● Assignment
Give again, exactly as written, the lines of the records below from the line with "Adorável notebook com" to the line with "德邦证券:公用事业:国常会核准11台核电机组,行业保持高景气.pdf". Both end lines count; pictures do not.

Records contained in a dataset
-.-.-
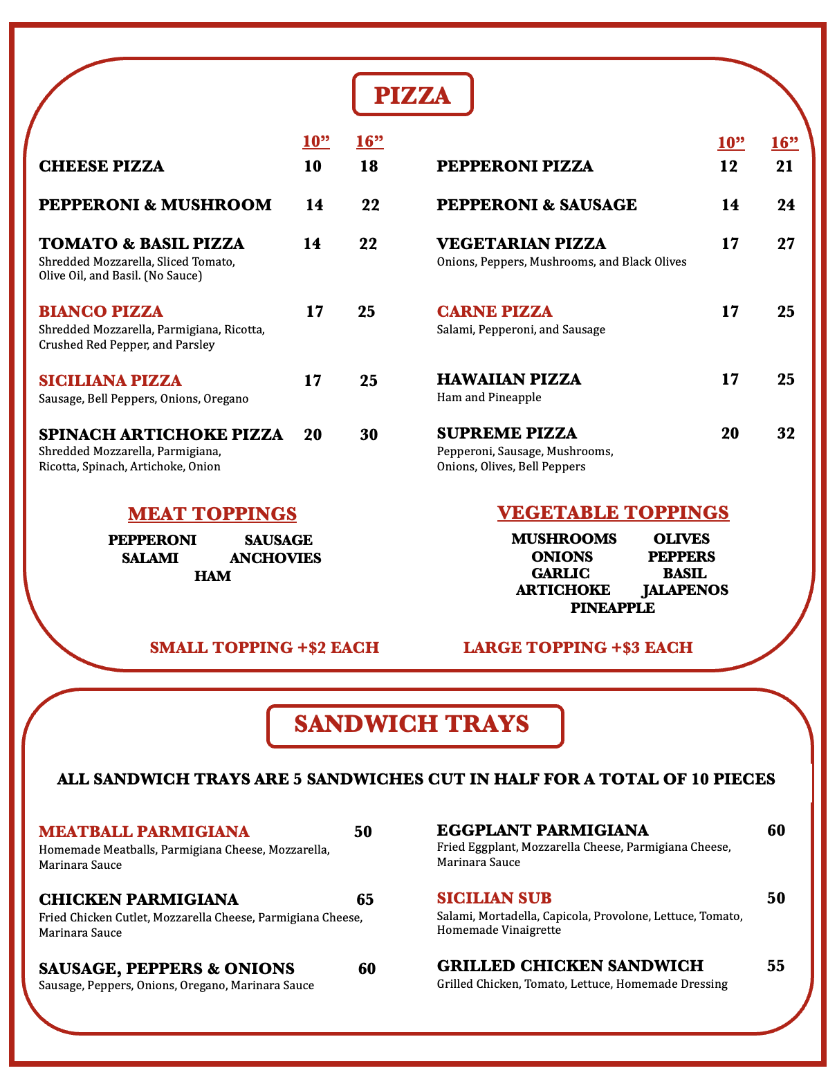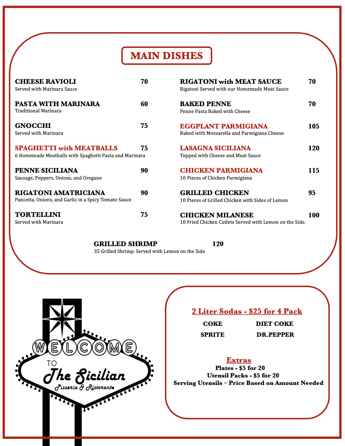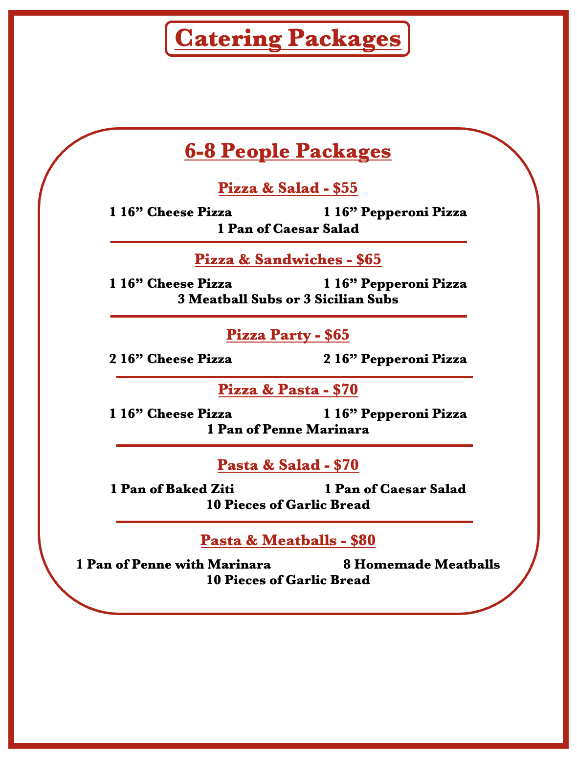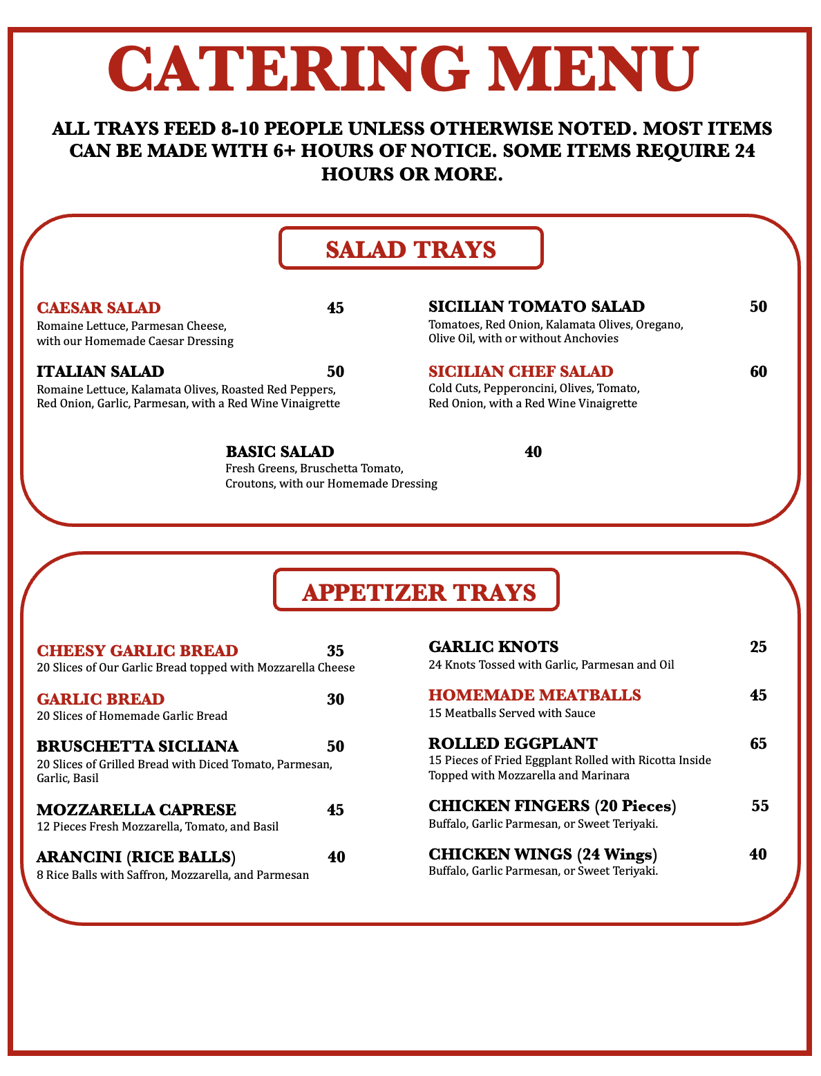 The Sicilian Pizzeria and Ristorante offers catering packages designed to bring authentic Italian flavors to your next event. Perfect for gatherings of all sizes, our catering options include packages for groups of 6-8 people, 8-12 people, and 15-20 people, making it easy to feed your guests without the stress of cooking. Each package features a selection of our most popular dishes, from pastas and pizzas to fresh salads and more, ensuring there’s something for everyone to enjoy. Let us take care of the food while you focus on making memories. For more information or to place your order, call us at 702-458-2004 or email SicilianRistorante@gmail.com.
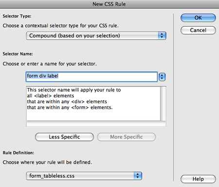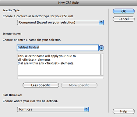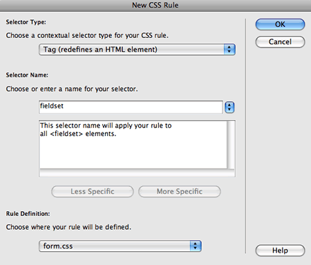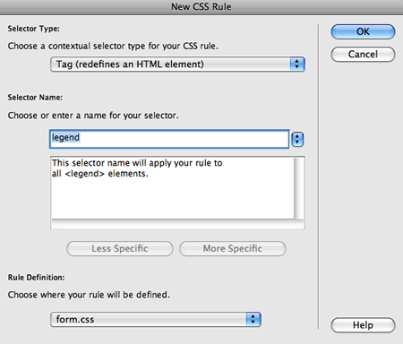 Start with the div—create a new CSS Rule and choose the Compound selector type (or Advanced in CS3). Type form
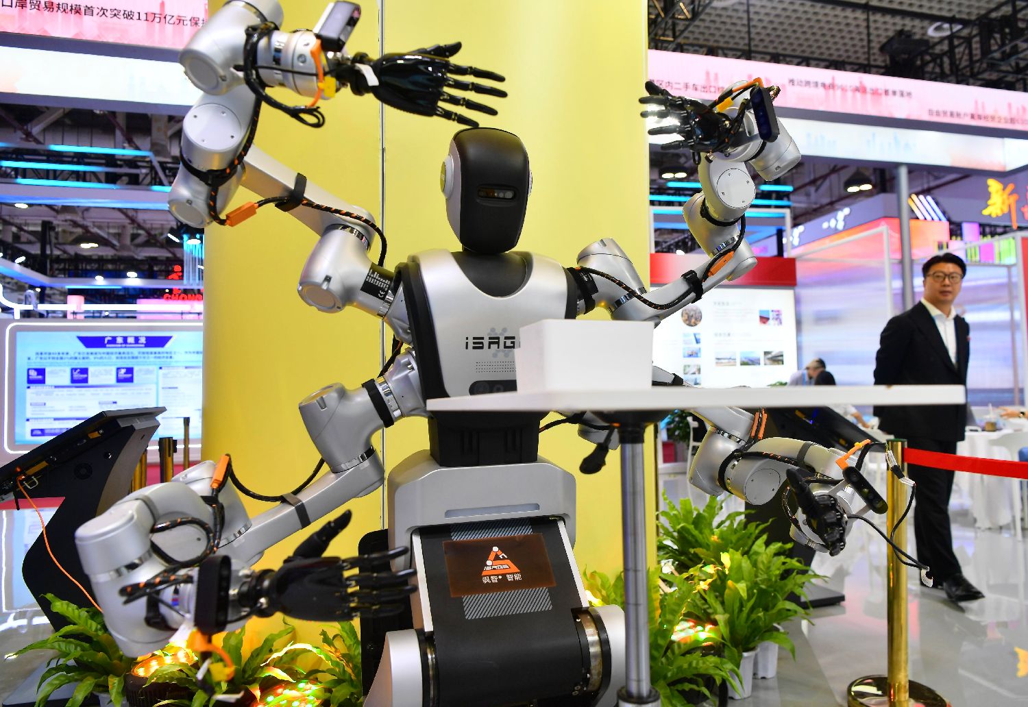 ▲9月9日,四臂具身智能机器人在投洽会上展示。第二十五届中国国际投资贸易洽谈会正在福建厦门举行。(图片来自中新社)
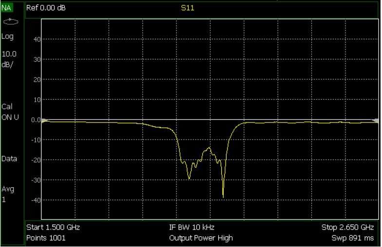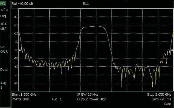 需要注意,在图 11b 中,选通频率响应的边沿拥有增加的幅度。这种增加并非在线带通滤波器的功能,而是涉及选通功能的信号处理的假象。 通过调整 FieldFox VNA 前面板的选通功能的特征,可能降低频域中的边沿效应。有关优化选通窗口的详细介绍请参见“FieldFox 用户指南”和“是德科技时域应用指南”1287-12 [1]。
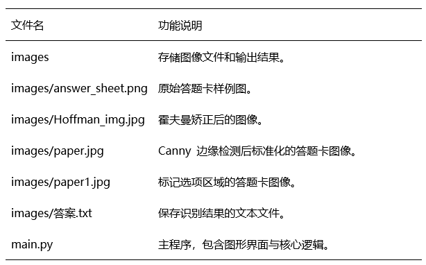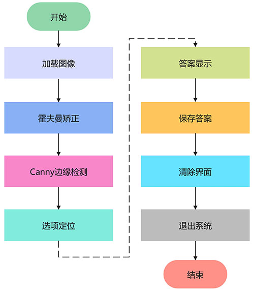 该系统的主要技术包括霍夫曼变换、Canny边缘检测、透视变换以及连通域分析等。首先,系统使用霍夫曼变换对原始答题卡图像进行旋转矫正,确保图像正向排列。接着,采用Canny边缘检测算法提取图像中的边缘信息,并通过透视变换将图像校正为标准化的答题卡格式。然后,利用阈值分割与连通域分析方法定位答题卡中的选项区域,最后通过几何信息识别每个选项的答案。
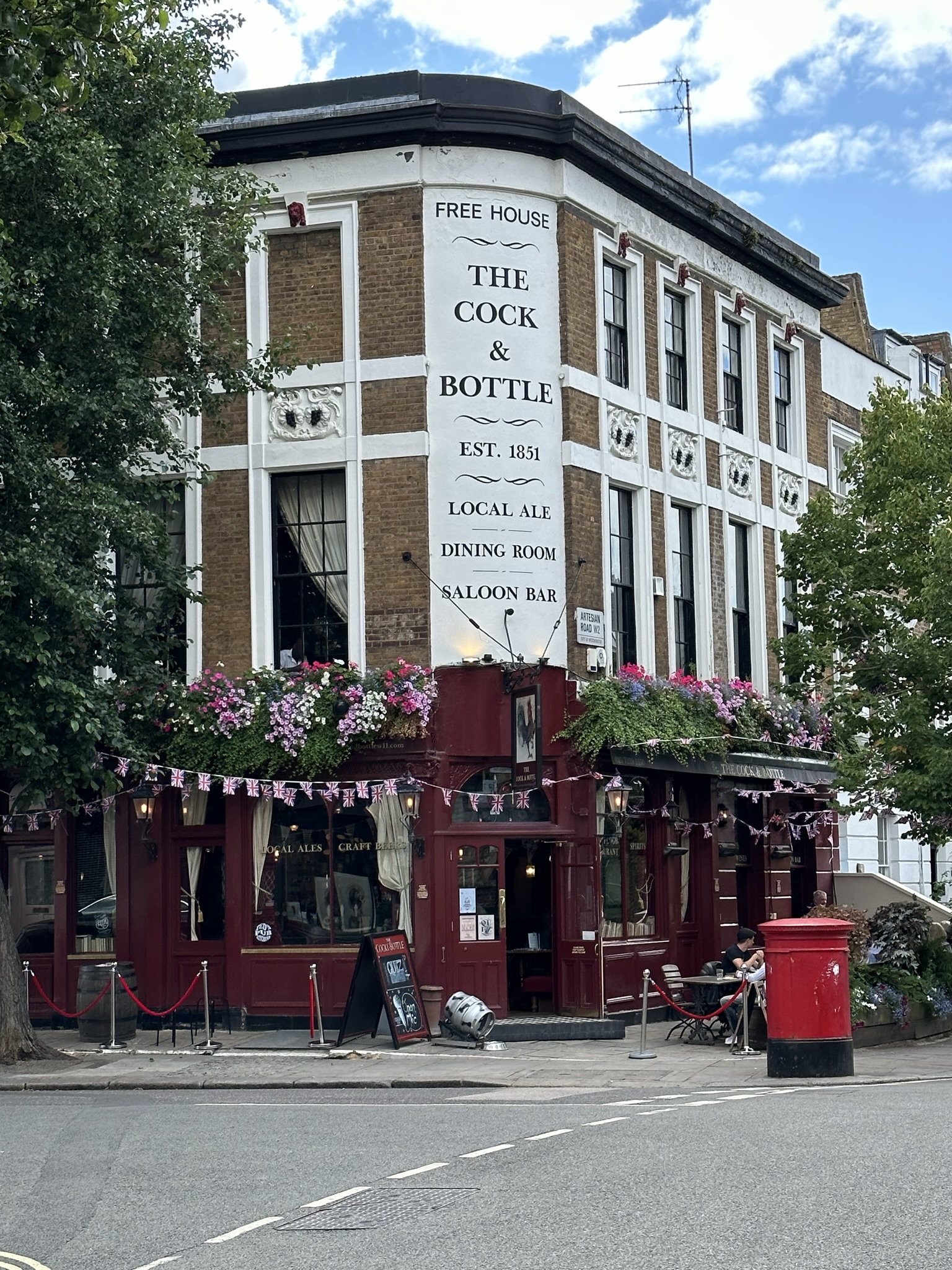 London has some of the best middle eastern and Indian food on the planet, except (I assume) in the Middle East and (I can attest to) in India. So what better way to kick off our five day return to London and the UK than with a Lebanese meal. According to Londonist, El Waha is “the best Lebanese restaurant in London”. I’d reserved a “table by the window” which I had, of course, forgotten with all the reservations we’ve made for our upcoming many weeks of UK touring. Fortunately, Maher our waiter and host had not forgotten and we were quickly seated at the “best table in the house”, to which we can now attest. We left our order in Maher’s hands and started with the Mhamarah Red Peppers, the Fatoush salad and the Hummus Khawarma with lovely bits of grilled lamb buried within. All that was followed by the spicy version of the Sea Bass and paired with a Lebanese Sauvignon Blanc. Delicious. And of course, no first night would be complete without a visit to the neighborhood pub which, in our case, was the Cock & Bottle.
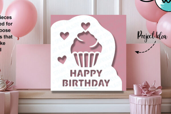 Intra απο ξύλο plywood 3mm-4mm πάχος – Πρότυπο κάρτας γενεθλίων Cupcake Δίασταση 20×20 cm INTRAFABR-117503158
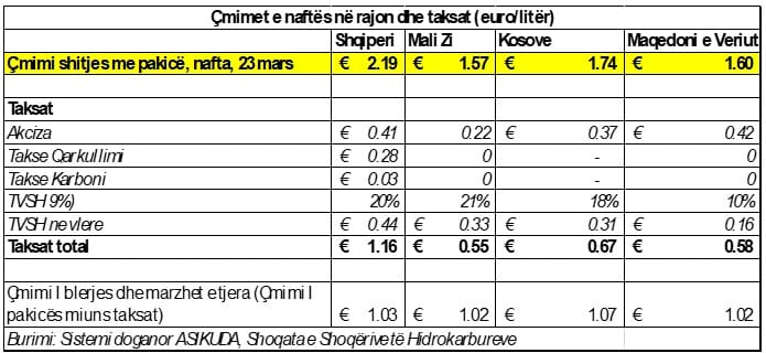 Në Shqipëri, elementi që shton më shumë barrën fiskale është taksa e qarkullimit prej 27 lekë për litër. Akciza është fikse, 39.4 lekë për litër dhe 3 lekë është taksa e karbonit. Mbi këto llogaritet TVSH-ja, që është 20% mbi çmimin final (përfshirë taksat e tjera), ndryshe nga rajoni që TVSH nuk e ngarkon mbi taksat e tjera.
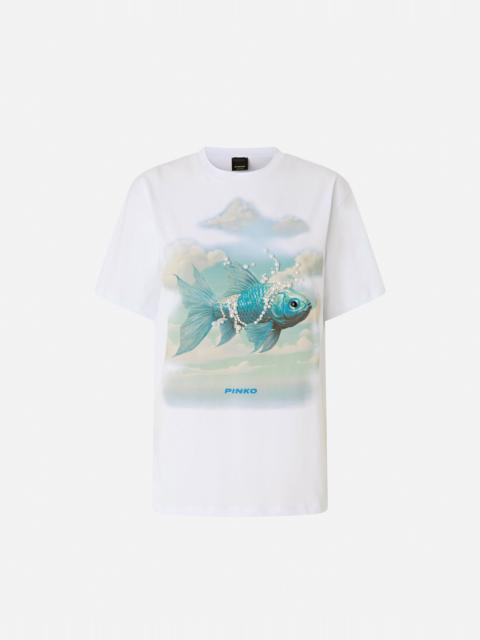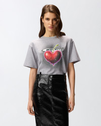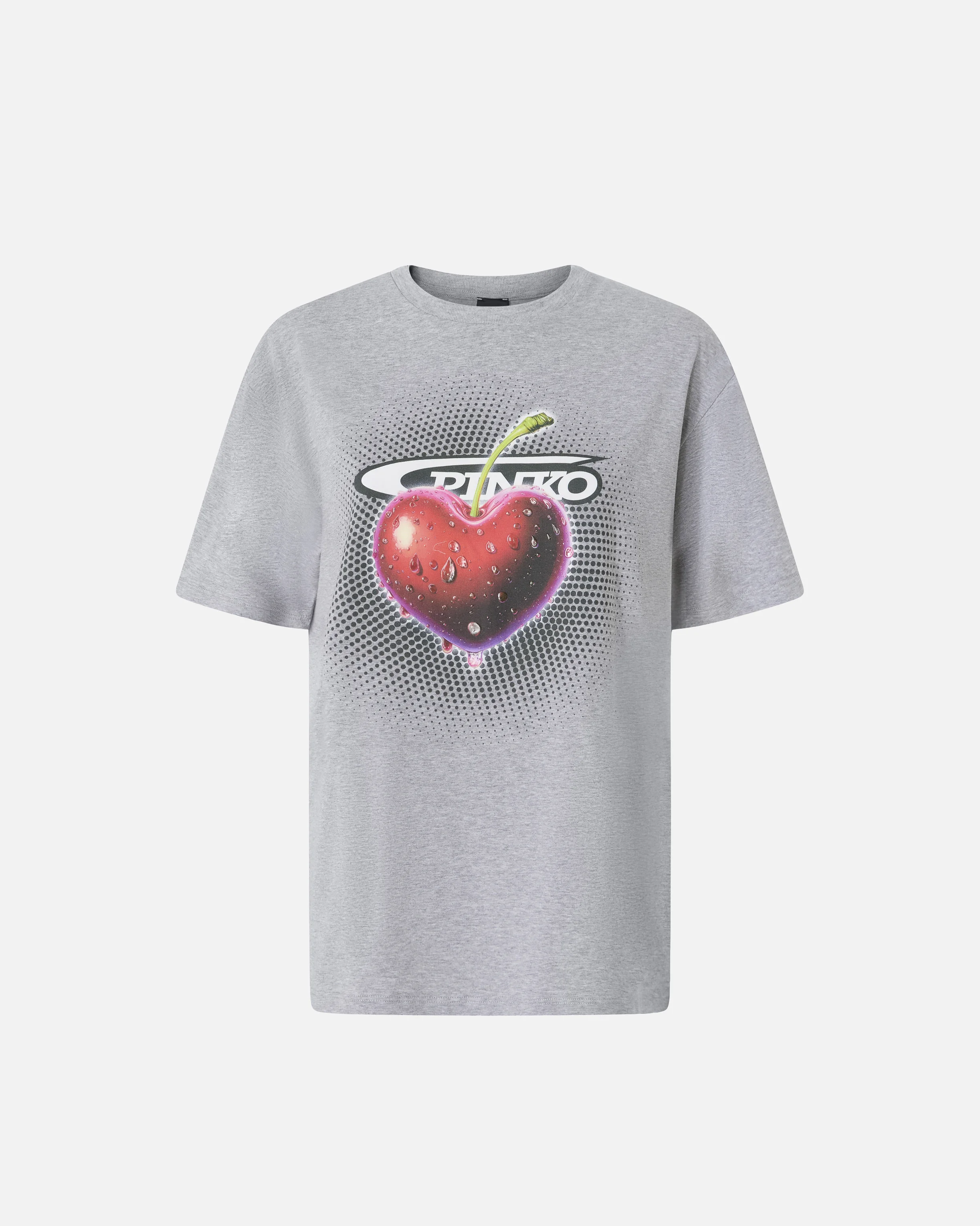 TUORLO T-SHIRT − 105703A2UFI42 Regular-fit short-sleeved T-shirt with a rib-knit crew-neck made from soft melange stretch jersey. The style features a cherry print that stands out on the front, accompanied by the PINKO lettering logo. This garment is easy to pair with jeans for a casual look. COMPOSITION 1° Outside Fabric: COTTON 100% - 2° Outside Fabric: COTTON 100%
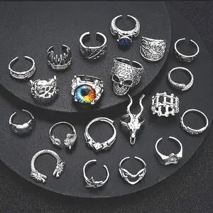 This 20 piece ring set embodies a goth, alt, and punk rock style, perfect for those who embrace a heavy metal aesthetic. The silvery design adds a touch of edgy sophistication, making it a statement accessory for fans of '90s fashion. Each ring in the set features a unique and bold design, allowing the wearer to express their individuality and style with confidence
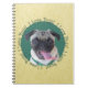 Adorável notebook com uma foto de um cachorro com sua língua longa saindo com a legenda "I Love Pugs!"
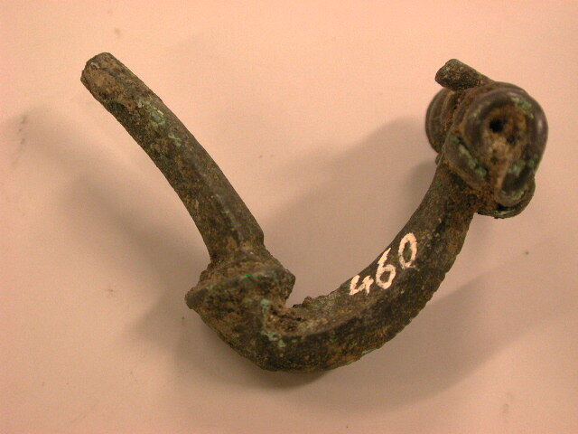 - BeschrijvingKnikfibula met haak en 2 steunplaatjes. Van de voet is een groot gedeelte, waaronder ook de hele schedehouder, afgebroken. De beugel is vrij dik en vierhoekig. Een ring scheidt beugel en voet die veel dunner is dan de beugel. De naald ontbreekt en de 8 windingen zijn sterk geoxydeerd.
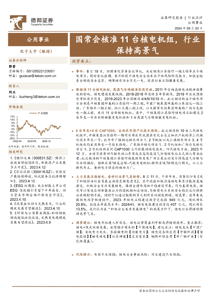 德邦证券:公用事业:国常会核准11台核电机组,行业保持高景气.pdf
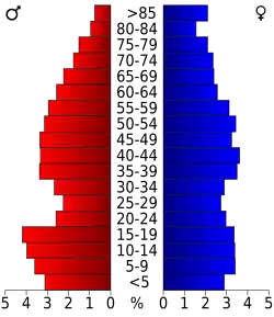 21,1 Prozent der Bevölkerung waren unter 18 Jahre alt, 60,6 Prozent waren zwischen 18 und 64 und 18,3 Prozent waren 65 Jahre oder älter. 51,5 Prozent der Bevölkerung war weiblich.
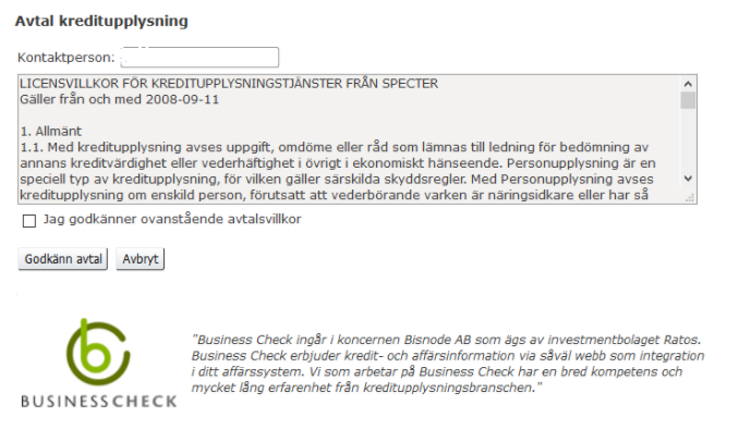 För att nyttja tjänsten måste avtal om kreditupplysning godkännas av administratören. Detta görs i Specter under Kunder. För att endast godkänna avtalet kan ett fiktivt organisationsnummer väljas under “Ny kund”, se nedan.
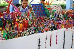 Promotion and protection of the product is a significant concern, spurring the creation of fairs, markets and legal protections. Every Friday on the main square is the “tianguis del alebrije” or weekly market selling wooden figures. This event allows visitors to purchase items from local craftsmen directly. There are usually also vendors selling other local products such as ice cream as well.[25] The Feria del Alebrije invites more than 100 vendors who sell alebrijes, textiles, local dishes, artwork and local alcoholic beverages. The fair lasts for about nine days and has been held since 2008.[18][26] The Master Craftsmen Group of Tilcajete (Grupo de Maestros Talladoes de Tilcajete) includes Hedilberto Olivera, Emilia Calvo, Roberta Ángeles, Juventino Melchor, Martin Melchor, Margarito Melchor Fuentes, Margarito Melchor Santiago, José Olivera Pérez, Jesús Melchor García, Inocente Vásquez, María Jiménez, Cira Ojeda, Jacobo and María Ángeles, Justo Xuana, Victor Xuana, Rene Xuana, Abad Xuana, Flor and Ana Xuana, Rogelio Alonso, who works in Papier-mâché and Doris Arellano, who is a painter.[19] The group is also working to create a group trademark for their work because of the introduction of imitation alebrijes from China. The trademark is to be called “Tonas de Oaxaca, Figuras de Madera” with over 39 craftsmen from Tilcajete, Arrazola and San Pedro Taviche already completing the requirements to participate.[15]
-.-.-
● Exercise answer
 Adorável notebook com uma foto de um cachorro com sua língua longa saindo com a legenda "I Love Pugs!"
 - BeschrijvingKnikfibula met haak en 2 steunplaatjes. Van de voet is een groot gedeelte, waaronder ook de hele schedehouder, afgebroken. De beugel is vrij dik en vierhoekig. Een ring scheidt beugel en voet die veel dunner is dan de beugel. De naald ontbreekt en de 8 windingen zijn sterk geoxydeerd.
 德邦证券:公用事业:国常会核准11台核电机组,行业保持高景气.pdf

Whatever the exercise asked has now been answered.